Re: upper planner path-ification

From: Tom Lane <tgl(at)sss(dot)pgh(dot)pa(dot)us>
To: Robert Haas <robertmhaas(at)gmail(dot)com>
Cc: "pgsql-hackers(at)postgresql(dot)org" <pgsql-hackers(at)postgresql(dot)org>
Subject: Re: upper planner path-ification
Date: 2015-05-14 02:27:46
Message-ID: 4187.1431570466@sss.pgh.pa.us
Views: Raw Message | Whole Thread | Download mbox | Resend email
Thread:
Lists: pgsql-hackers

Robert Haas <robertmhaas(at)gmail(dot)com> writes:
> I've been pulling over Tom's occasional remarks about redoing
> grouping_planner - and maybe further layers of the planner - to work
> with Paths instead of Plans. ...
> I think there are two separate problems here.

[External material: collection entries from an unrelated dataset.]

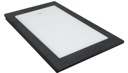
HDPE + Black Twin chopping board 8100 627
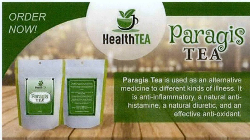
Figure 1. Sample Advertisement of Unregistered HEALTH TEA Paragis Tea

The Food and Drug Administration (FDA) warns the public from purchasing and consuming the following unregistered food products with unapproved advertisements and promotions:
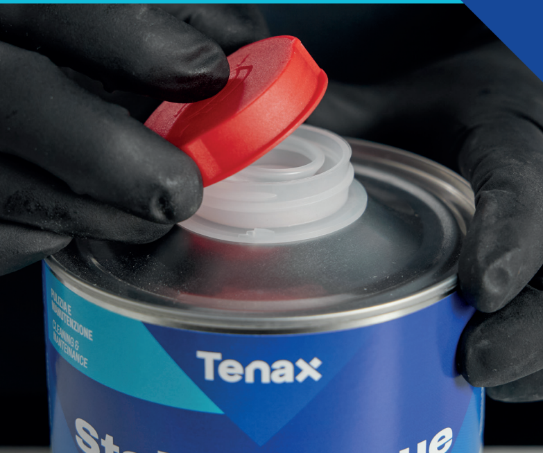
Opening the can
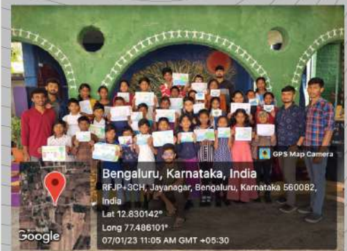
NSS Volunteers at adopted Government Schools with respective Headmasters and Students

First, there's the
> problem that grouping_planner() is complicated.
> Second, there's the problem that we might like to order aggregates
> with respect to joins.

Both of those are problems all right, but there is more context here.

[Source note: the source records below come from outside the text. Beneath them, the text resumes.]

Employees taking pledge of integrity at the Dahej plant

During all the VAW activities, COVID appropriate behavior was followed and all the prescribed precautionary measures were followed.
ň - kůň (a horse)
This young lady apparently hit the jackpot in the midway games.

* As some of the messages you cited mention, we would like to have Path
representations for things like aggregation, because that's the only
way we'll get to a sane API that lets FDWs propose remote aggregation.

* We have also had requests for the planner to be smarter about
UNION/INTERSECT/EXCEPT queries. Again, that requires cost comparisons,
which would be better done if we had Path representations for the various
ways we'd want to consider. Also, a big part of the issue there is
wanting to be able to consider sorted versus unsorted plans for the leaf
queries of the set-op (IOW, optionally pushing the sort requirements of
the set-op down into the leaves). Right now, such comparisons are
impossible because prepunion.c uses subquery_planner to handle the leaf
queries, and what it gets back from that is one finished plan, not
alternative Paths.

* Likewise, subqueries-in-FROM are handled by recursing to
subquery_planner, which gives us back just one frozen Plan for the
subquery. Among other things this seems to make it too expensive to
consider generating parameterized paths for the subquery. I'd like
to keep subquery plans in Path form until much later as well.

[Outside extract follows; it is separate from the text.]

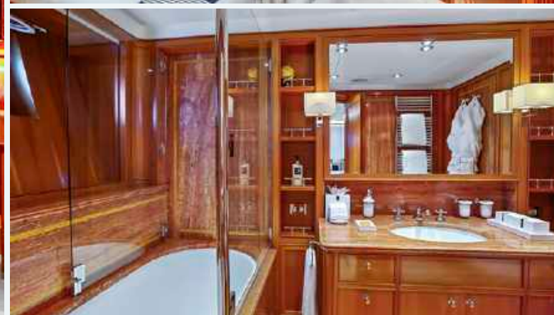
Guest Cabin & Bathroom

So these considerations motivate wishing that the result of
subquery_planner could be a list of alternative Paths rather than a Plan,
which means that every operation it knows how to tack onto the scan/join
plan has to be representable by a Path of some sort.

I don't know how granular that needs to be, though. For instance, one
could certainly imagine that it might be sufficient initially to have a
single "WindowPath" that represents "do all the window functions", and
then at create_plan time we'd generate multiple WindowAgg plan nodes in
the same ad-hoc way as now. Breaking that down in the Path representation
would only become interesting if it would affect higher-level decisions,
and I'm not immediately seeing how it might do that.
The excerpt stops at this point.